What Is Caliban’s Relationship to Prospero in The Tempest

In Shakespeare’s play, Caliban is ultimately seen as Prospero’s slave. Their relationship highlights one of the central themes of The Tempest concerning colonialism and imperialism. He is the only native inhabitant on the island and is not treated well by his master. Caliban wishes ill to Prospero and wants to finally take back his land.

Long before the events of the play, Caliban lived on the island with his witch mother. After her death, he inherited the land. We can assume that he was pretty happy with such circumstances. However, Prospero and his daughter, Miranda, arrived there to find a new home. Not thinking about it for too long, Prospero concluded that Caliban needs to be educated and civilized. Most likely, such a view was based on the islander’s looks and manners. In the play, he appears as a half-monster in rubbish clothes. Since they spoke different languages, Prospero organized some lessons. Instead, Caliban had to serve him. Those were the first signs of a typical colonizer’s behavior.

Soon enough, Caliban realized that he was cheated. The magician took away his freedom and his land, giving nothing in return except disrespect and mistreatment.
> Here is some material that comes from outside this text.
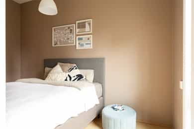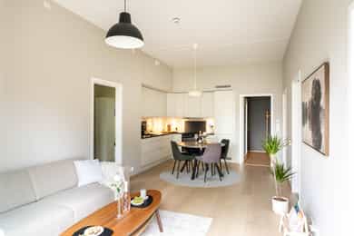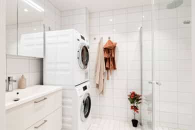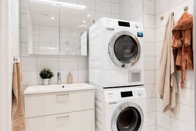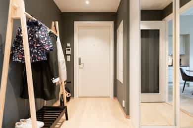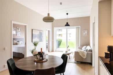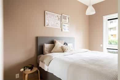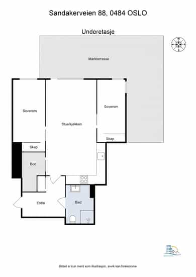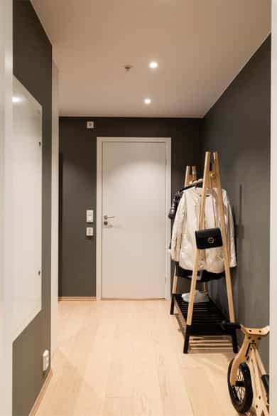 ENTRÉ: Velkommen inn! Leiligheten har en lys og åpen entré som skaper et umiddelbart godt førsteinntrykk. Interiøret i hele leiligheten er preget av lyse flater og flotte detaljer. Et perfekt utgangspunkt til å innrede med egne møbler og gjenstander for å skape sitt personlig preg. I entréen er det også gode oppbevaringsmuligheter i praktisk skyvedørsgarderobe! ROMSLIG OG LYS STUE: Lys og tiltalende stue, spiseplass og kjøkken i åpen løsning. Dette rommet fremstår som romslig og åpent med store vindusflater – alt dette er med på å skape et godt og sosialt oppholdsrom med flott atmosfære. Overflatene er malt i en lys tone og det er lagt flott en-stav parkett på gulv. Planløsningen åpner for flere møbleringsmuligheter med god plass til sofagruppe, spiseplass og tilhørende møbler. Takhøyde er målt til 3,09 meter og bidrar til en meget god romfølelse. Fra stuen er det utgang til en hyggelig vestvendt markterrasse på 26 kvm. I vår- og sommerhalvåret blir balkongen som en forlengelse av stuen og innbyr til mer samvær og fine stunder med familie og venner. Terrassen er romslig og kan naturlig deles inn i ulike soner med utemøbler, grill og beplantning. Den vestvendte retningen gir gode solforhold. ÅPEN KJØKKENLØSNING: Stilrent kjøkken med kjøkkeninnredning bestående av hvite, glatte fronter og benkeplate av kompositt/stein med nedfelt vask. Kjøkkenet er tilpasset på en god måte med rikelig skap- og benkeplass. Et utmerket sted for den kokkeglade. Videre er kjøkkenet utstyrt med platetopp, stekeovn, oppvaskmaskin og kjøl/fryseskap. Det er avtrekk over kokeplass. HOVEDSOVEROM: Hovedsoverommet er av svært god størrelse med god plass til dobbeltseng og tilhørende møbler. Rommet er malt i en delikat beigetone som skaper et lunt utrykk. Videre er rommet innredet med en romslig garderobeskap med speilfronter som gir rikelig med oppbevaringsplass. BOLIGENS ANDRE SOVEROM: Boligens øvrige soverom er også av god størrelse med plass til seng og garderobe. Rommene passer ypperlig som barnerom, gjesterom eller hjemmekontor. Alt etter ønske og behov! BADEROM: Pent, flislagt baderom med vannbåren gulvvarme. Det er flis på vegger og gulv, og himling med innfelt downlights. Badet er innredet med vegghengt klosett, servant nedfelt i innredning, speilskap m/lys og dusjhjørne med svingbare glassdører. Videre er det opplegg for vaskemaskin. Balansert ventilasjon. ØVRIG OPPBEVARINGSMULIGHETER: Leiligheten har en egen innvendig bod! Her er det gode oppbevaringsmuligheter. Videre medfølger det en kjellerbod på ca. 5 m². ØVRIG INFORMASJON: Dører: Lyd- og brannklassifisert entrédør. Balkongskyvedør med 3-lags press glass, prod. 2019. Vinduer: Vinduer med 3-lags press glass, prod. 2019. Ventilasjon: Balansert ventilasjon m/varmegjenvinning. Elektrisk anlegg: Automatsikringer. Oppvarming: Boligen varmes opp av vannbåren gulvvarme, unntatt bod.

Obviously, the islander started showing aggression and dissatisfaction, which is shown in the play. Caliban curses his master and constantly seeks revenge. However, Prospero threatens his servant with magic, so it never goes on to active measures. Such a relationship is a representation of colonization which Shakespeare wanted to highlight. His main idea is that everything would be much better off if colonizers chose peace and trade instead of using force to take what they desired.